Thursday, January 24, 2008

my friend and her friends

she only have Her.correction.she once had Her.come to think of it, she once had Him too. but when one night, she let detestation took control, that was the end of everything. well, it was also the start of something.something that she loathe. something that she regret.
she finds solace in her own world.the world she created with her friends. (but of course, there is this one particular friend that she never part herself with) friends that she trust.friends that she knows wont spill anything happened the night before to other people.most importantly, she she knows she can temporarily shut herself beneath her friends.
in a way, you can say that she's actually using her friends...but thats not the point here. anyway, the friends are all inanimate.for that she knows she can abuse them, use them without having to listen to silly jokes.without having to bear sarcastic remarks, and most importantly, not having to feel even more dejected.
she love the smell of her friends.oh, when you see her with her friends, you'll know why.i suspect that the smell of it somehow reminds her of her babyhood.but i doubt that.i mean, do you really remember of your babyhood? but then again, she once told me that actually, she find that her friends could actually hide her from the thing that she's afraid of (mind you, there's too many things that she's afraid of.she is a living proof of someone who is paranoid about almost everything in this world)

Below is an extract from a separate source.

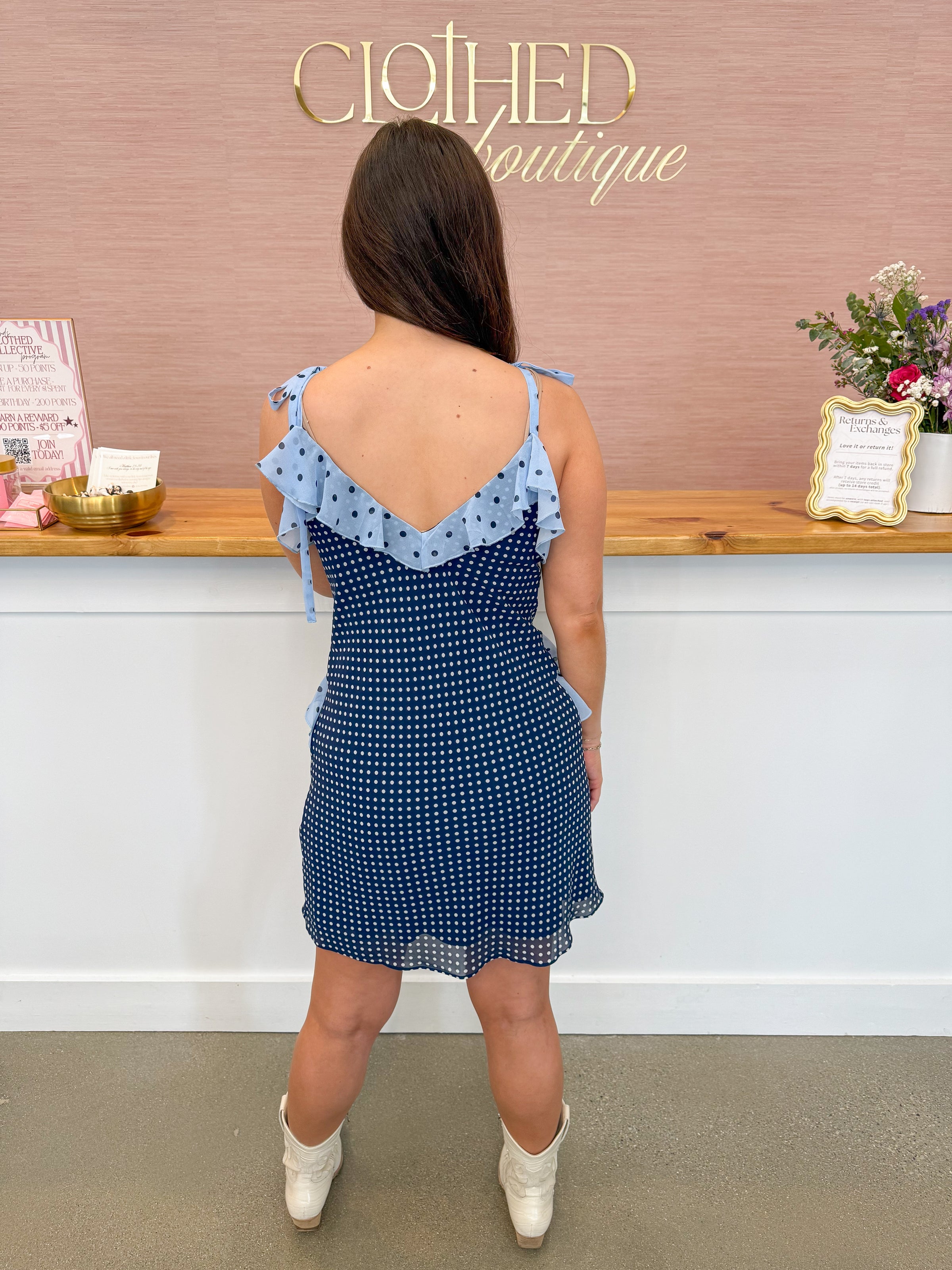 - Navy mini dress featuring white polka dots throughout, light blue contrast ruffle details with bigger navy polka dots, adjustable ties at the shoulder. Fully lined

i once caught her making out with her favourite friend.i wanted to do something to help, but i could not. i just let her do it till she finally dozed off. the next day, i can see the marks there.on the cheeks.but obviously, i think everybody can see the bulging marks under her small eyes. looks funny but i dont have the heart to make fun of her that day.
by the way, i feel it kind of weird the way she makes out with her friends. it is like she suffocate herself beneath her friend whenever she do it.sometimes she is like screaming her heart out but of course i cannot hear anything because she is covering her face with her friend. i once tought its a normal thing because i know some othe friends that do the same thing as she does when they try to sleep every night.you know, when you cover your face or half your face with your friend before you sleep every night...(oh, when i said friend, it means the pillow.shush! i know its crazy but she thinks those pillows are her friends.her only friends)
and a few days before, i caught her doing the same thing again. this time, i let her do it again. if i am not mistaken, she did it this time because she lost Her. she lost Her because she was accused of turning her back on Her. well, i dont think its a big deal but when she told me the whole story, i cried. i cried for not being able to do anything to help.but she told me that she will be fine.i doubt that.
because every night, i saw her fall asleep beneath her friends (most of the time, its her favourite friend) and i can smell the tears,i can hear the cry...even when she is not doing it. perhaps its because she has done it every day and so it left the smell of tears and the sound of cry lingering around the room.uh. i pity her.